┌─ Material provided
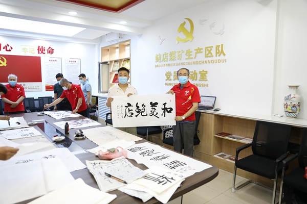 6月17日上午,兖矿集团鲍店煤矿矿老年书协暖心志愿者来到矿采掘楼生产区队党员活动室,开展“嘱安全、送祝福”活动,为井下区队干部职工赠送“安全书画”,营造安全氛围,助力安全生产月。
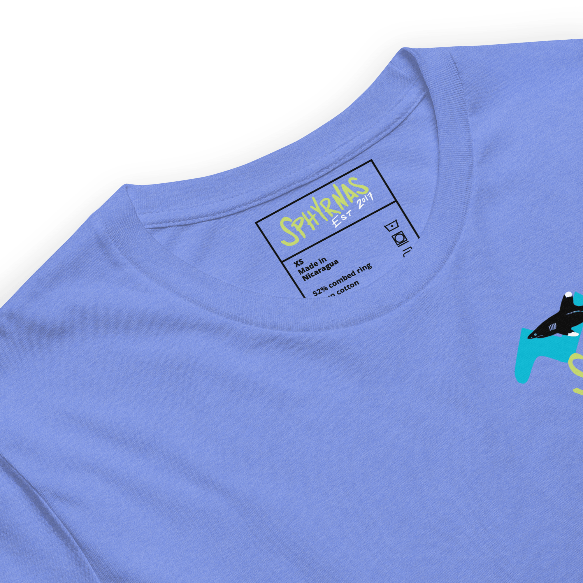 Catch some waves as you serve sharky looks this summer with our new, surfer vibes inspired, tee featuring a shark that's always on the move- the oceanic whitetip!
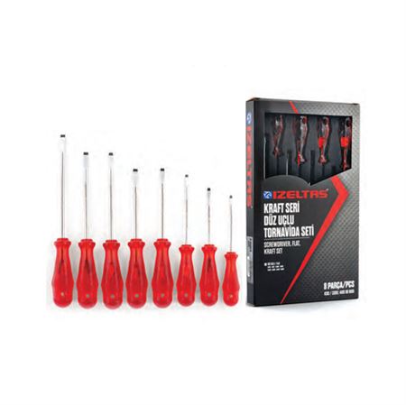 • İzeltaş 4100 00 8108 Kraft Düz Tornavida Seti 8 Parça
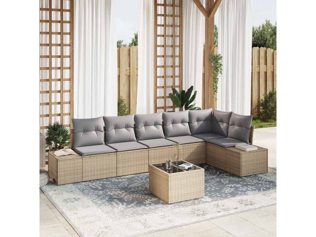 Sada zahradních pohovek 7 pcs Beige a šedá polyratan 3347090
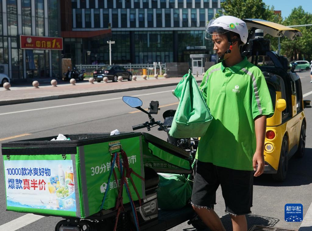 在位于北京市順義區的一處自動(dòng)配送車(chē)指定??奎c(diǎn),一名騎手取走自動(dòng)配送車(chē)中的訂單準備送至顧客手中(8月22日攝)。
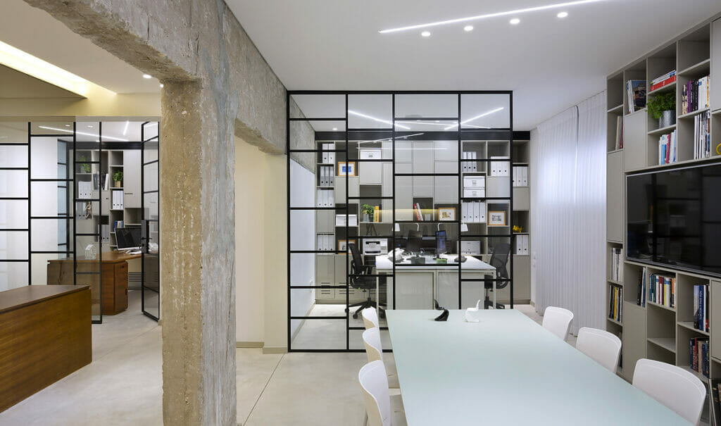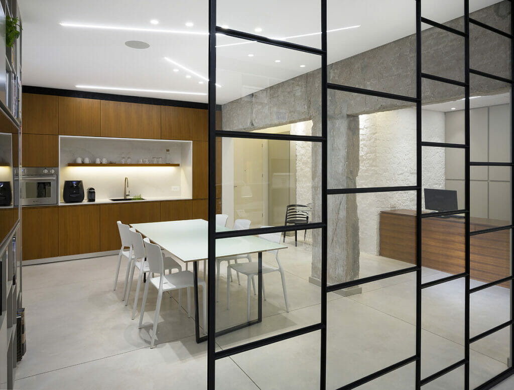 כך לדוגמה, כשתכנן משרד יזמות נדל״ן בחלל מרתף ששימש בעבר כאולם התעמלות, האתגר העיקרי היה לתכנן חלל עבודה פתוח ככל האפשר על מנת לנצל את מעט האור הטבעי הנכנס למשרד במרתף. כהאן השתמש בחומרים טבעיים כמו בטון, עץ וברזל בשילוב משטחי אבן קיסר. בתכנון המטבח במשרד יצר נישה ואת כולה חיפה – תחתית, קירות וגג – בדגם 5131 של אבן קיסר. בחדר הרחצה הוא חיפה גם את הנישה של המראה וגם את הנישה בתוך המקלחון באותו משטח.
└─
*Action item*:
Each record should appear again exactly as it stands, with no picture included.

*Response to this exercise*:
 6月17日上午,兖矿集团鲍店煤矿矿老年书协暖心志愿者来到矿采掘楼生产区队党员活动室,开展“嘱安全、送祝福”活动,为井下区队干部职工赠送“安全书画”,营造安全氛围,助力安全生产月。
 Catch some waves as you serve sharky looks this summer with our new, surfer vibes inspired, tee featuring a shark that's always on the move- the oceanic whitetip!
 • İzeltaş 4100 00 8108 Kraft Düz Tornavida Seti 8 Parça
 Sada zahradních pohovek 7 pcs Beige a šedá polyratan 3347090
 在位于北京市順義區的一處自動(dòng)配送車(chē)指定??奎c(diǎn),一名騎手取走自動(dòng)配送車(chē)中的訂單準備送至顧客手中(8月22日攝)。
 כך לדוגמה, כשתכנן משרד יזמות נדל״ן בחלל מרתף ששימש בעבר כאולם התעמלות, האתגר העיקרי היה לתכנן חלל עבודה פתוח ככל האפשר על מנת לנצל את מעט האור הטבעי הנכנס למשרד במרתף. כהאן השתמש בחומרים טבעיים כמו בטון, עץ וברזל בשילוב משטחי אבן קיסר. בתכנון המטבח במשרד יצר נישה ואת כולה חיפה – תחתית, קירות וגג – בדגם 5131 של אבן קיסר. בחדר הרחצה הוא חיפה גם את הנישה של המראה וגם את הנישה בתוך המקלחון באותו משטח.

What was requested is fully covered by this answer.